What is the average time for a teenager to run a mile?
about 6 to 3 minutesBut on average, most teens run a mile in about 6 to 3 minutes..
What is the average mile time for a 13 year old female?
I think for a 13 year old girl 10 minutes is quick. Most girls ive seen run the mile are around 14-15 minutes.
What is the average mile time for a 14 year old?
A noncompetitive, relatively in-shape runner usually completes one mile in about 9 to 10 minutes, on average. If you’re new to running, you might run one mile in closer to 12 to 15 minutes as you build up endurance.

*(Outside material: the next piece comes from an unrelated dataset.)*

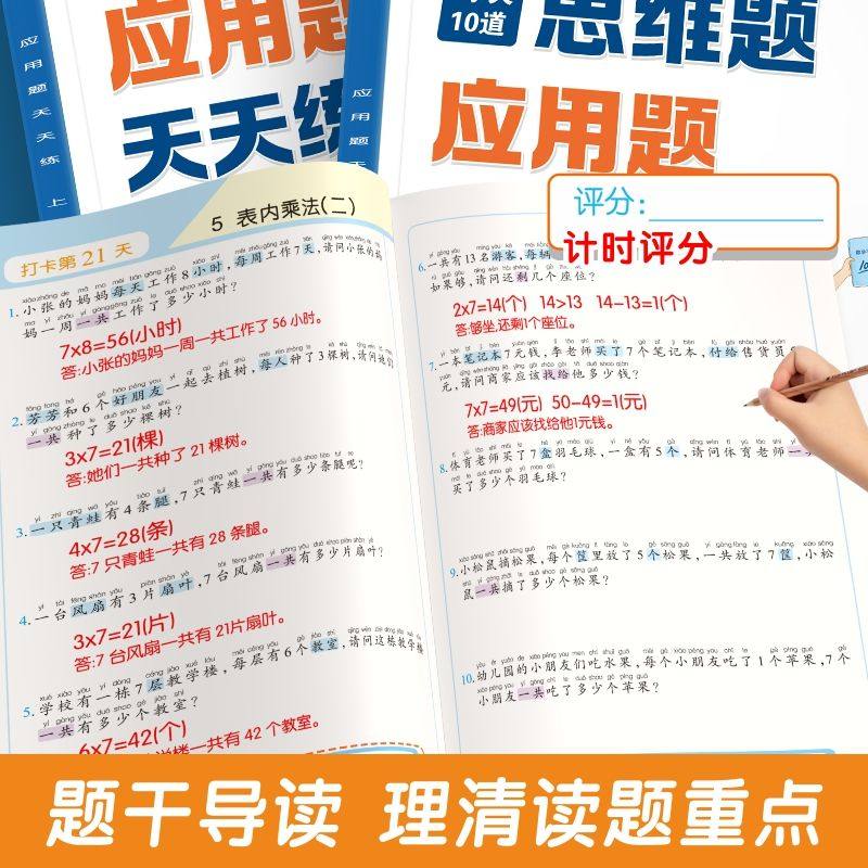 二年级数学应用题强化训练人教版 练习题计算题练习 上册数学思维训练下册每天10道专项训练天天练小学2年级思维训练每日一练竖式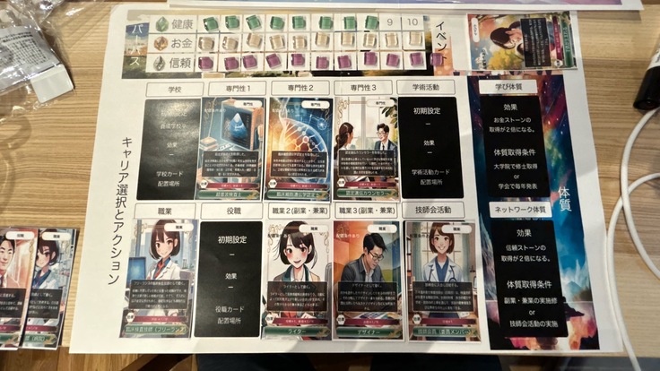 このゲームは、カードを1枚ずつ引きながら、自分のボードへ配置し、みずから臨床検査技師としてのキャリア形成を行う戦略ゲームです。デモプレイでも色々な職業や専門性を持ち、ゲームの目的にもなっている、健康ストーン、お金ストーン、信頼ストーンを集めをすることを楽しみながら行うことができました。

How many minutes does it take to drive 1 mile?
Time to cover 1 mile = t = ? x = (1 hour / 60 miles) * mile = 1/60 hour = (1/60) * 60 minutes = 1 minute. Thus, it takes 1 minute to travel 1 mile, with the speed of 60 miles per hour.
What happens if you run a mile everyday?
According to medical science, if you run a mile every day, you have: 42% lower risk of esophageal cancer, 27% lower risk of liver cancer, 26% lower risk of lung cancer, 23% lower risk of kidney cancer, 16% lower risk of colon cancer, and 10% lower risk of breast cancer.
What is a good mile time for a high school girl?
Anywhere from 4 to 14 minutes, depending on your height, weight, nutrition, and overall fitness level. But as Stephen wrote, any time is a good time, especially if you’re getting faster over time. A typical walking pace is 20 minutes/mile, just for reference.
How fast should a 14 year old female run a mile?
It depends. It’s like asking what the average weight of a 14-year old is. If some girls are athletic and like running they may run a mile in 5 minutes. But if every 14-year old girl in the school ran a mile the average would probably drop to about a 9:00 minute time for a mile.
What is an average mile time for a 13 year old?
around 5:35- 5:50So to answer your question the average mile time for an athletic 13 year old boy would probably be around 5:35- 5:50. For a runner a competitive time would be around 5:00–5:30. This track season I’ll be a sophomore and I hope to go 4:50.
How fast can a 14 year old run?
The average under-17 girl cancomplete a 100-meter sprint in 12.8 to 13.1 seconds and a 200-meter sprint in 26.4 to 27 seconds.
Is a 10 minute mile slow?
A 9-minute mile for a man and 10:30 for a woman are signs of moderate fitness; men who can’t run better than a 10-minute mile, and women slower than 12 minutes, fall into the low-fitness category. … Over all, he said, a 10-minute mile for a middle-aged man and a 12-minute mile for a woman suggest a good level of fitness.
How long should a 13 year old run a mile?
The International Association of Athletics Federations recommends that 13-year-olds run no more than 10K at a time — approximately 6.2 miles. At a fast pace of six minutes per mile, this works out to just over 37 minutes, but at a slower pace of 11 minutes per mile, it works out to about an hour and eight minutes.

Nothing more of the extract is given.